Audio By Carbonatix
Ghana has not been successful in registering projects to benefit from the global carbon market, after almost seven years of implementing the mechanism.
The carbon emission trading came about following the enactment of the Kyoto Protocol, which compelled industrialized countries to impose on themselves legally binding greenhouse gas emission reduction targets – measured in carbon credits – to bring down their aggregate emissions to 5.2% of 1990 levels by 2012.
In order to achieve these targets, flexible market-based mechanisms were designed to facilitate implementation, including the Clean Development Mechanism (CDM), where heavy polluters that are unable to reduce their carbon dioxide emissions buy them from developing countries that emit less.
This is part of measures to reduce global warming and its consequent devastation on the environment.
A World Bank report says the total value of the global carbon market grew by 11% to $176 billion in 2011.
According to the report titled “State and Trends of the Carbon Market 2012”, transaction volumes reached a new high of 10.3 billion tonnes of carbon dioxide (CO2e) during the year.
Ghana has endeavored to participate in the market, but only a couple of projects have reached the state to be credited.
The "waste to compost project" by Zoomlion Ghana Limited is the most advanced project that is almost ready for registration in the carbon market using CDM standard, observed Daniel Tutu Benefoh, Senior Programme Officer at the Energy Resources and Climate Change Unit of the Environmental Protection Agency.
There is however the voluntary market standards, where corporations, philanthropist, multinational companies, also go to buy carbon credit as part of their social and corporate responsibility initiative.
Under this market mechanism, one project on improved cookstove has already been registered in Ghana.
Mr. Benefoh noted the slow pace of Ghanaian ventures trading in carbon can be attributed to the high risk and huge investments demanded in the project registration processes.
“Before you can get your carbon credit done, you need to go through a long process and the risk is that investors would like to see the credit yielding as much as possible, so they don’t intend to bear that risk of going through the process and not getting the projects registered”, he stated.
Ghana is however looking at scaling up projects to tap into opportunities under the new mechanism called REDD+, which stands for Reducing Emission from Deforestation, Forest Degradation from Developing Countries.
The plus signifies additional activities on forest conservation, sustainable forest management and enhancement of forest carbon stocks.
The scheme was introduced in attempts to incorporate the larger role of forests in fighting future climate change and targeted at providing positive incentives for using forest sustainably.
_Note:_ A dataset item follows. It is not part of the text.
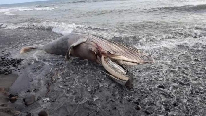 Una Ballena Jorobada muerta y ya en estado de descomposición fue encontrada a la orilla de la playa Las Flores, La Libertad, según reportes de Cruz Verde Salvadoreña.

As part of the REDD+ process, the country has been selected by the World Bank to participate in REDD+ readiness project under the Forest Carbon Facility Programe (FCPF).
The Bank provided a $3.6 million grant for REDD+ implementation in Ghana.
The country would need to critically address legal and policy challenges including allocation of forest carbon rights and benefits for REDD+ projects implementation to thrive.
Meanwhile, Ghana is to benefit from Climate Investment Funds, which are unique financing instruments designed to initiate transformational change towards low-carbon and climate-resilient development.